About this task:
Only these lines of the data below are wanted: the one with "2. 管件通過激光打碼的方式", the one with "- Prachtige brede", and any lines between them, each repeated exactly.

Data for this task:
+ + + + +

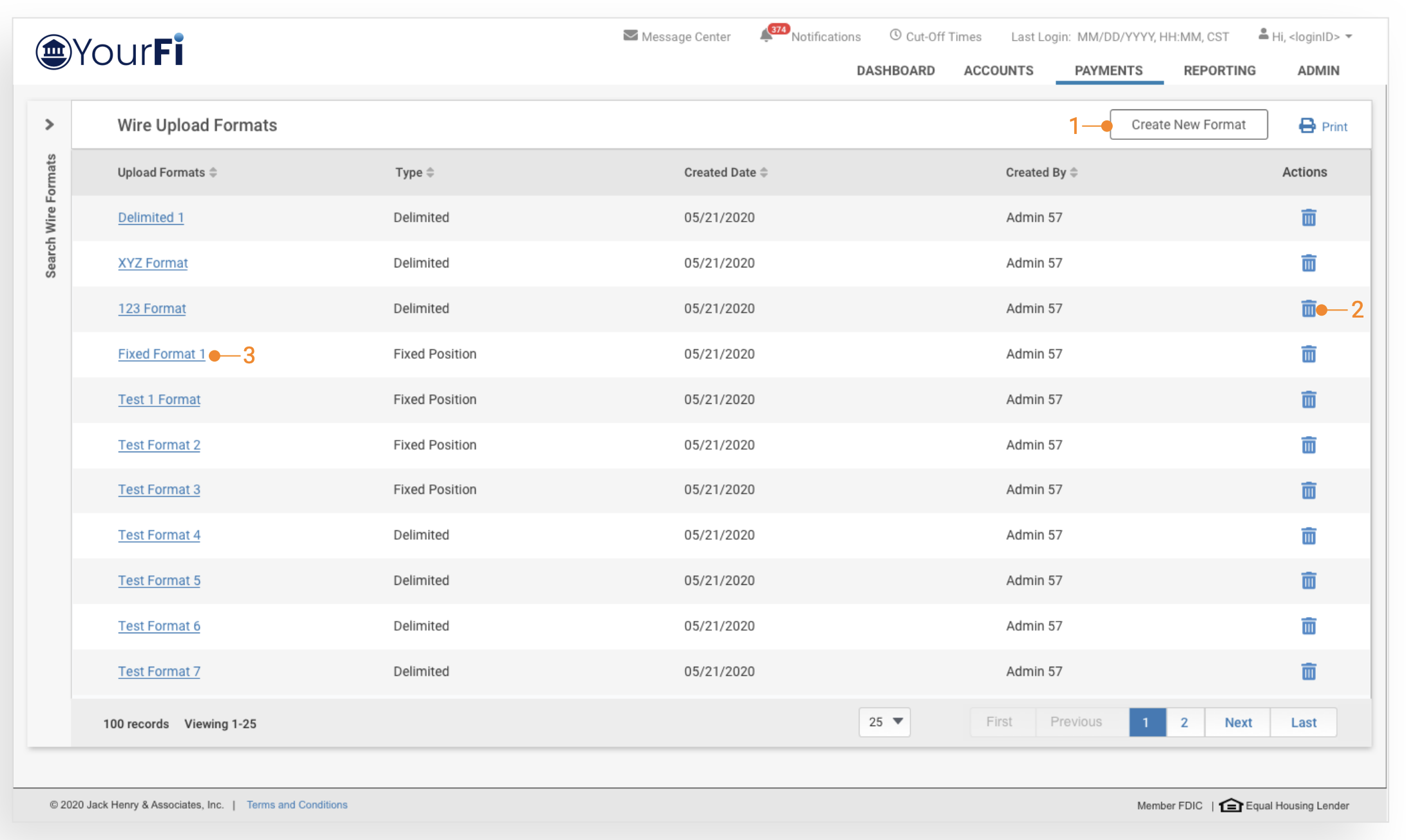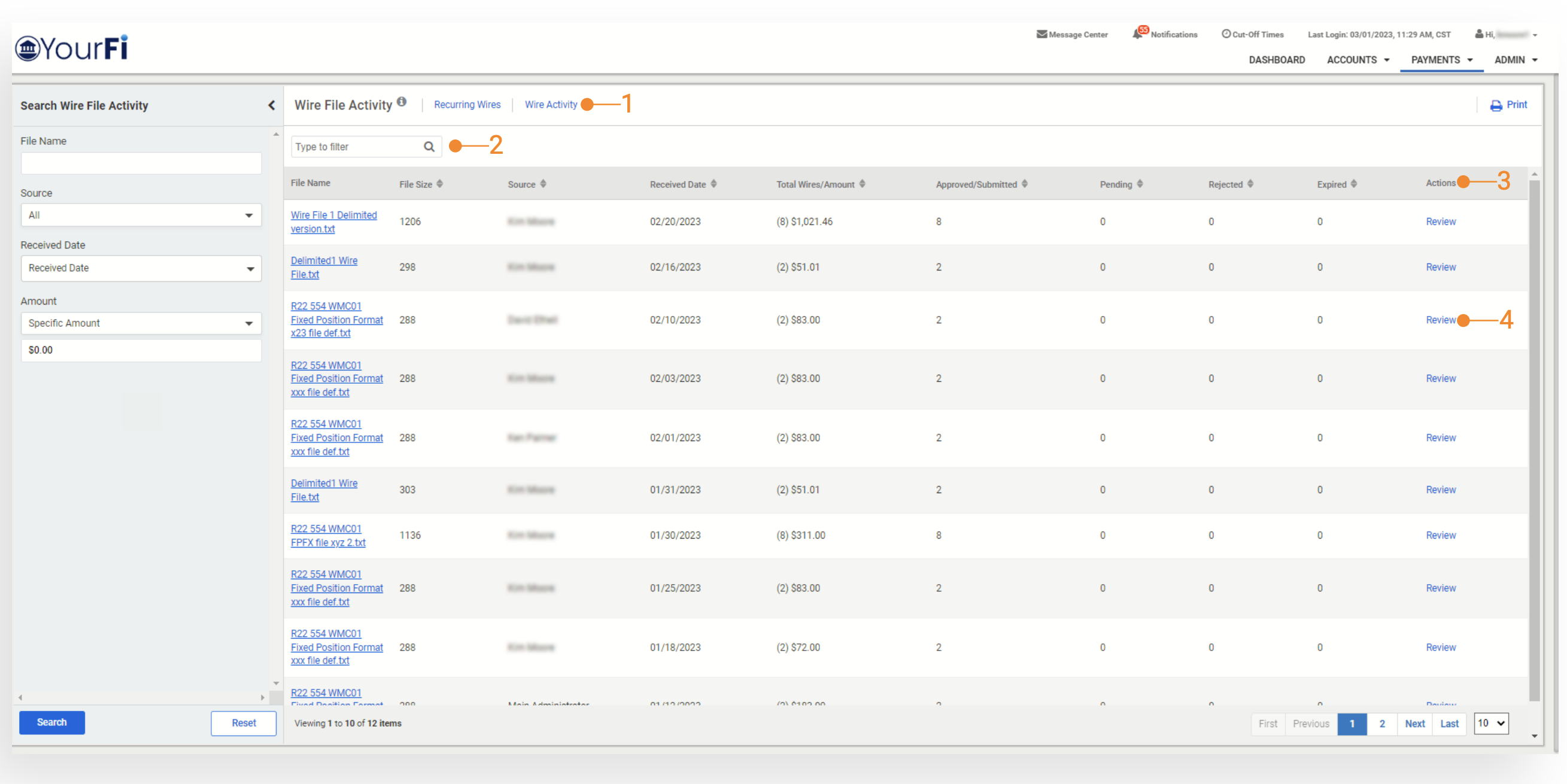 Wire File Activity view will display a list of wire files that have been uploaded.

+ + + + +

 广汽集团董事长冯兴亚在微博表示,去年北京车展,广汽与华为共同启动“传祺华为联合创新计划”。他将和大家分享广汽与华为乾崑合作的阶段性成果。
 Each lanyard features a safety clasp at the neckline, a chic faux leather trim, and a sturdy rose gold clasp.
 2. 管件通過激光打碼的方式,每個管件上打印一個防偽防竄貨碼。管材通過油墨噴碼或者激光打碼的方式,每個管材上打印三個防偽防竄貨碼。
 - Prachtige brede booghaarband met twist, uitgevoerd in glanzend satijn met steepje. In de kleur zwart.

+ + + + +

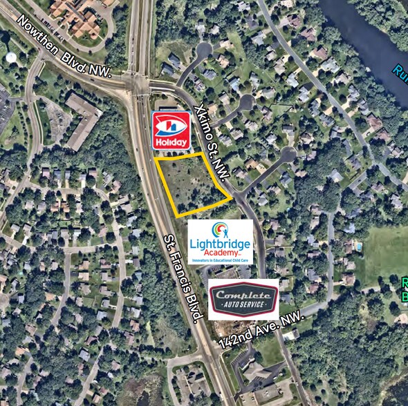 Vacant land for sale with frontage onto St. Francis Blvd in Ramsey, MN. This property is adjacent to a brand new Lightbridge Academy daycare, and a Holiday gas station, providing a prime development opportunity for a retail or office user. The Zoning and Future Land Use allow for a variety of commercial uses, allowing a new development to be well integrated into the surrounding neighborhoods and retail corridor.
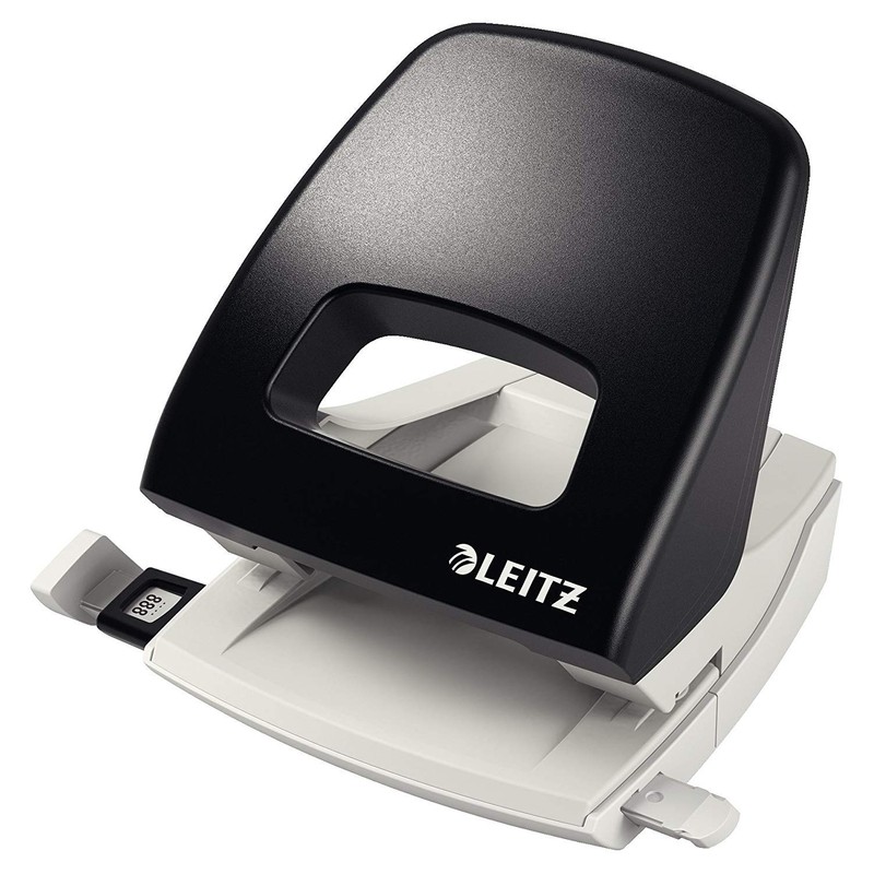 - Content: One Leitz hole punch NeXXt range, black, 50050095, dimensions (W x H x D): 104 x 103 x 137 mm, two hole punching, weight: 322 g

+ + + + +

Written response:
 2. 管件通過激光打碼的方式,每個管件上打印一個防偽防竄貨碼。管材通過油墨噴碼或者激光打碼的方式,每個管材上打印三個防偽防竄貨碼。
 - Prachtige brede booghaarband met twist, uitgevoerd in glanzend satijn met steepje. In de kleur zwart.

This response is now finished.